Meanwhile, HP has been talking about a new tablet platform, the Slate, that badly needs an operating system more suited for that environment. And the iPaq would be a lot more interesting with a new OS as well.
So here’s what the future could hold. Palm uses its well designed iPaq hardware to run the Palm OS, and for a change gets a competitive smart phone. The Pre and the Pixi either get re-engineered by HP into something more useful, or they fade away. Meanwhile, HP’s tablet gets an OS suitable for a portable device.
In this pairing, it’s important to remember that Palm launched the first really practical PDA. Yes, the Apple Newton preceded it, but after the Doonesbury “Egg Freckles” reference, it began a well deserved decline. Palm on the other hand produced, and continues to produce a line of PDA devices that use a stable, fast, handwriting recognition system ideally suited for a tablet computer.

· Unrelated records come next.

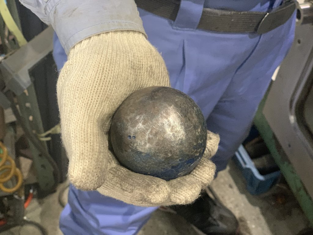 本来は、このような角の加工には鉄球という工具を使用します。今回の加工では、鉄球のサイズが合わなかったため、鉄アレーで代用しました。しかし、鉄アレーは金属加工用につくられたものではないので強度が低く、加工後に持ち手部分が取れてしまいました。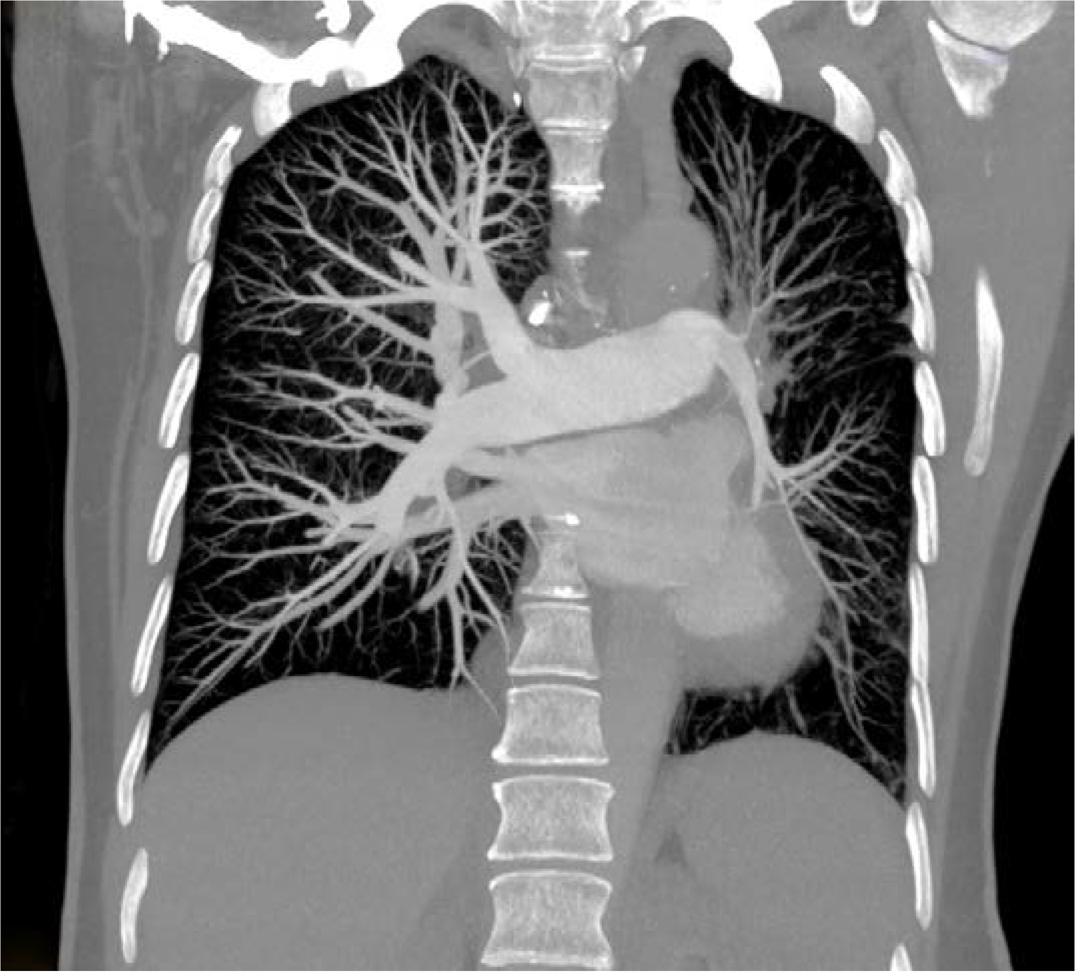 Thorax computed tomography (CT) revealed asymmetry with significantly smaller left lung. The left pulmonary artery immediately after separation was of extremely narrower lumen and so were lobar and segmental branches (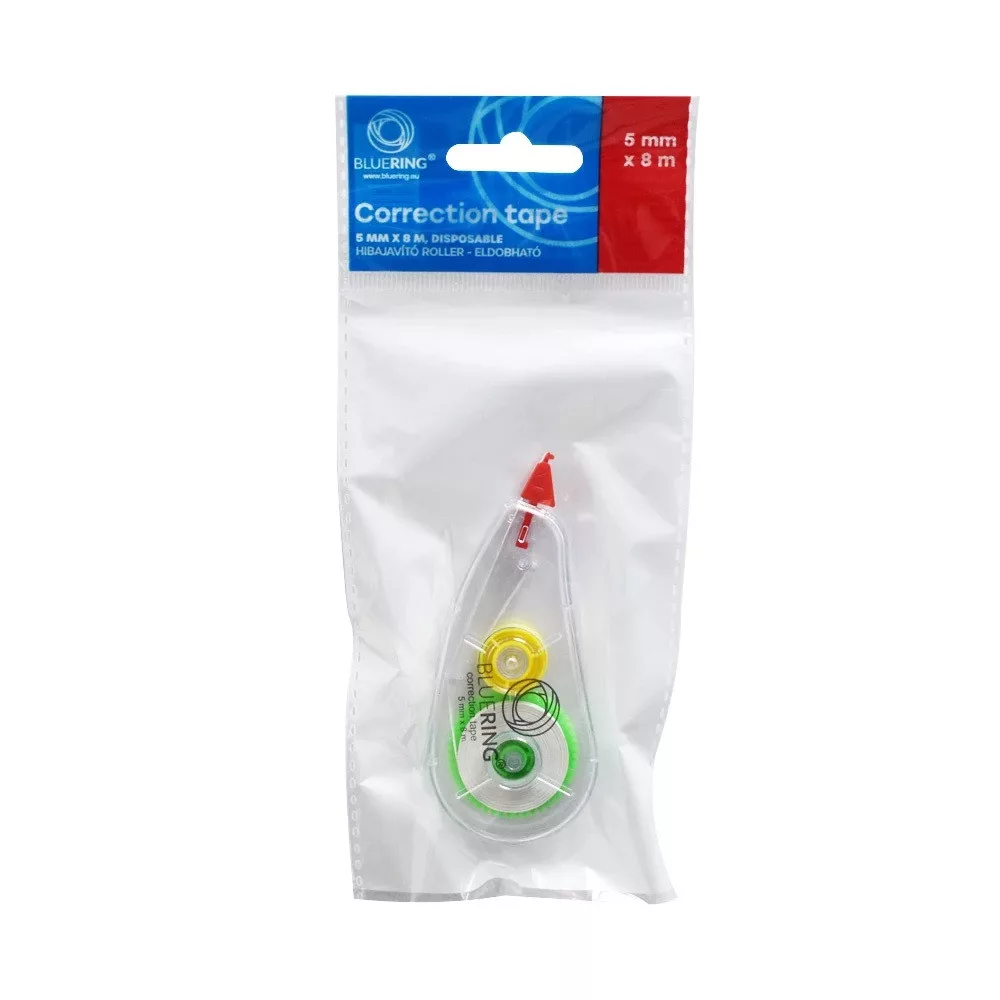 BLUERING hibajavító roller kézbe illő ergonomikus design. Könnyed, precíz javításokat tesz lehetővé a jobb és balkezes felhasználóknak egyaránt. Nagy szakítószilárdságú ultravékony PET-hordozón fehér hibajavító „festék” található, amely azonnal újraírható. Automatikus a szalagfeszesség. méret: 5mmx8m12db/gyűjtő360 db/karton Katalóguskód: 349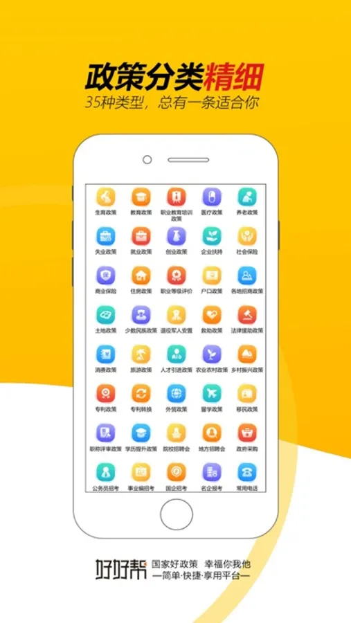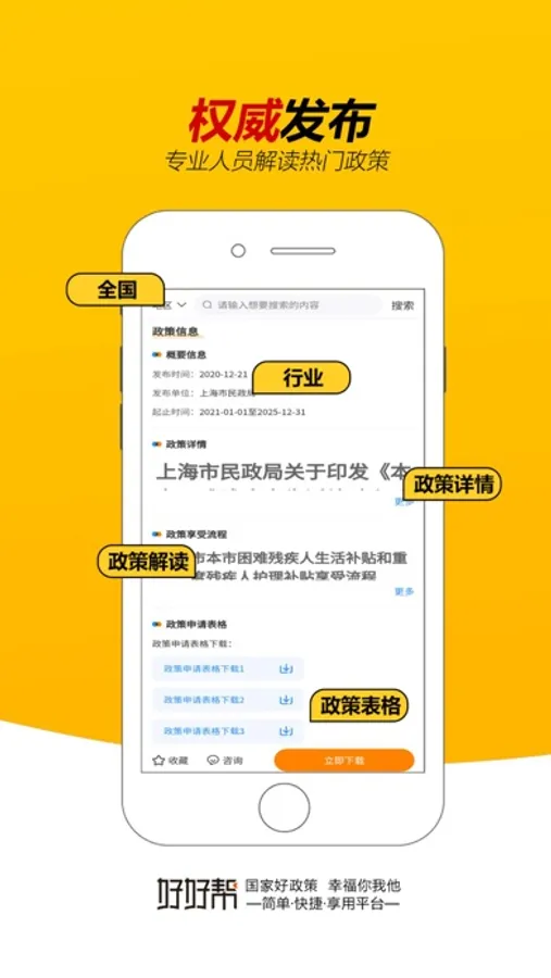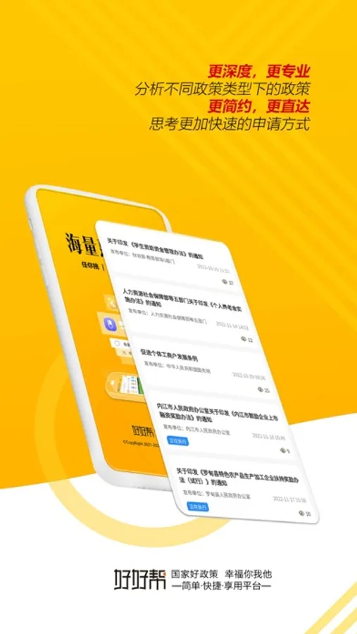 好好帮APP秉承“国家好政策,幸福你我他”的宗旨,是国家政策查询、解读平台,让您一键就能获取海量国家政策,并为个人用户、企业用户提供政策资讯、政策查询、政策解读等服务,是个人用户和企业用户必备的政府政策资讯查询APP,欢迎广大用户下载使用。
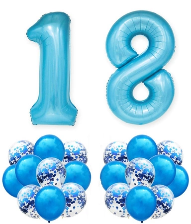 Zestaw NIEBIESKI na 18 URODZINY 100cm DUŻE balony

Does this mean that we’ll see an HP tablet using Graffiti? Or maybe a Palm TX-like device that’s also a phone? Who knows? But HP doesn’t lack for innovation, and it has the engineering horsepower and the funding that Palm could never muster. One can only hope that HP’s tagline of “Invent” might bring us some smartphones that don’t suck, but that might give the industry the boost it needs to move on to something besides iPhone clones.
Of course, this won’t happen in a day. Right now, Palm has the Pre, which isn’t really a very good phone, and the Pixi, which isn’t as good as the Pre, but is smaller. HP has the new Glisten that runs Windows Mobile and is a nice phone, but it operates in a sort of lethargic manner. Imagine a Glisten running Palm OS. Now that would be a nice phone, and different enough from the iPhone / Android crowd to provide a real alternative.
Of course, we’ll have to wait until July to see how this all turns out, but maybe this will inject a little innovation into the smartphone industry. And if the industry needs something -- it’s innovation, not the slight incremental changes that have been happening lately.